Our Old Testament lesson is only a small portion of the 122 verse diatribe that God addresses to Job. God responds to Job's questioning with another question. Where were you when I laid the foundations of the earth? Who determined its measurements or who stretched the line upon it? On what were its bases sunk? Who shut in the sea with doors and prescribed bounds for it and set bars and doors and said 'This far shall you come and no further and here shall your proud waves be stopped?" If Job wasn't feeling small already he certainly would be after God's honest confrontation. "Who is this that darkens counsel by words without knowledge?" Who do you think you are you flyspeck on the universe, you gnat in the world. Harsh--really harsh.

But no more so than Jesus questions to the disciples, "Why are you afraid? Have you STILL no faith?" Still no faith. What pathos is carried in those words--still no faith--any chimpanzee should have gotten it by now. Harsh!

Do you not care that we're perishing?

Perhaps the answers come to our pathetic story participants not so much in words but with actions.

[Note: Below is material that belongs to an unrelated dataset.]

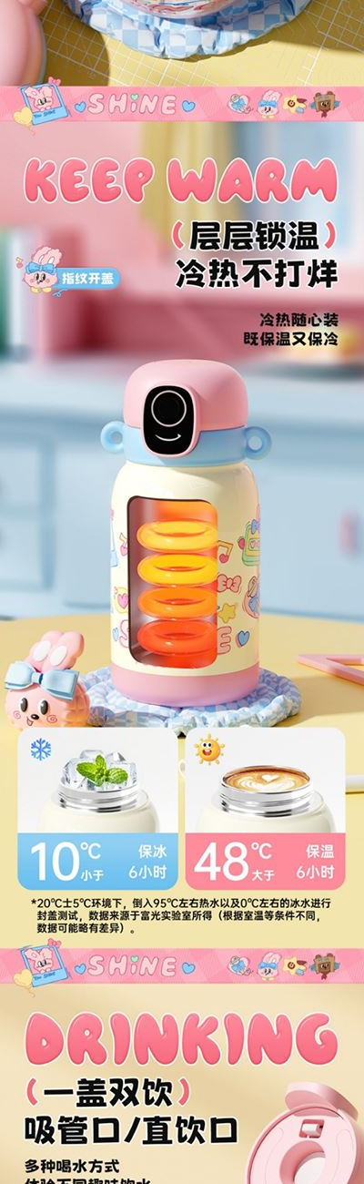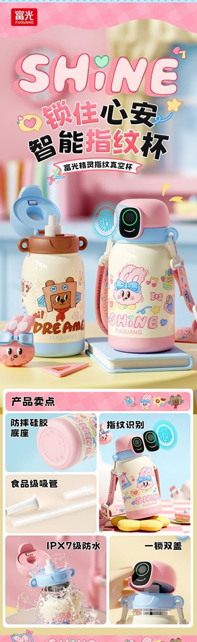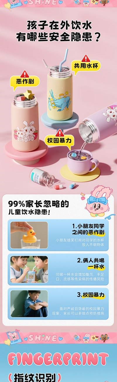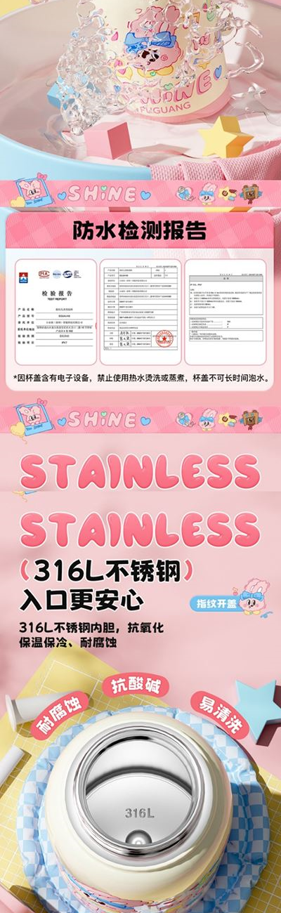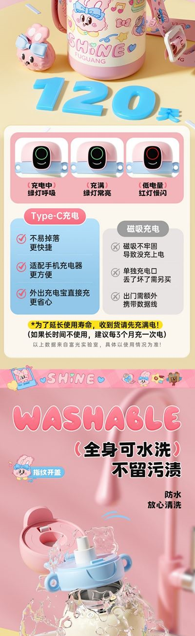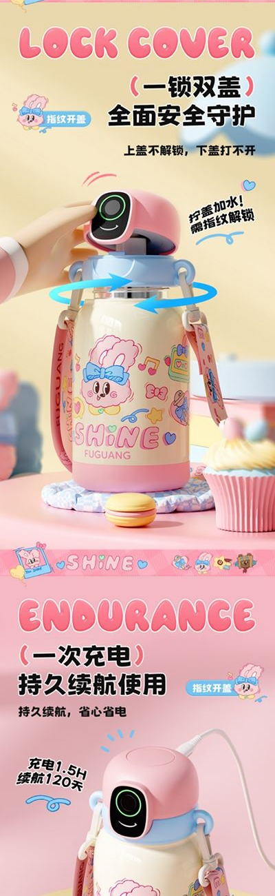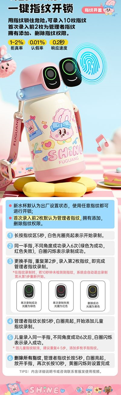 顏色:藍(lán)色 粉色 材質(zhì):316不銹鋼內(nèi)膽,光滑杯壁健康飲水。 杯蓋IPX7級(jí)防水級(jí)防水可放心水洗,密封攜帶享安全。 Type-C充電,適配手機(jī)充電器,外出攜帶跟更方便。 充電3小時(shí),續(xù)航180天。會(huì)學(xué)習(xí)的指紋鎖,越用越靈敏。 包裝:單瓦盒

Job I have come to address you; I have deigned to respond to you, to acknowledge you, to care for you. This great and awesome God bothers, bothers to converse with a flyspeck. This God who is master of the wind and the waves desires relationship with this mere human. So much does God care that he will not leave Job wondering. So much so that God speaks...even if it is to shout.

Ole and Lena were celebrating their fiftieth anniversary. Lena in a fit of romantic exuberance asks Ole, "Ole do you still love me." Ole looks at her with amazement, "Lena I told you that fifty years ago, if anything changes I'll let you know."

Do you not care that we are perishing? Do you not care?

And he rebuked the wind and the waves and he said to the sea "be still" and the wind ceased and there was a dead calm.

Do you not care that we are perishing? Need we ask?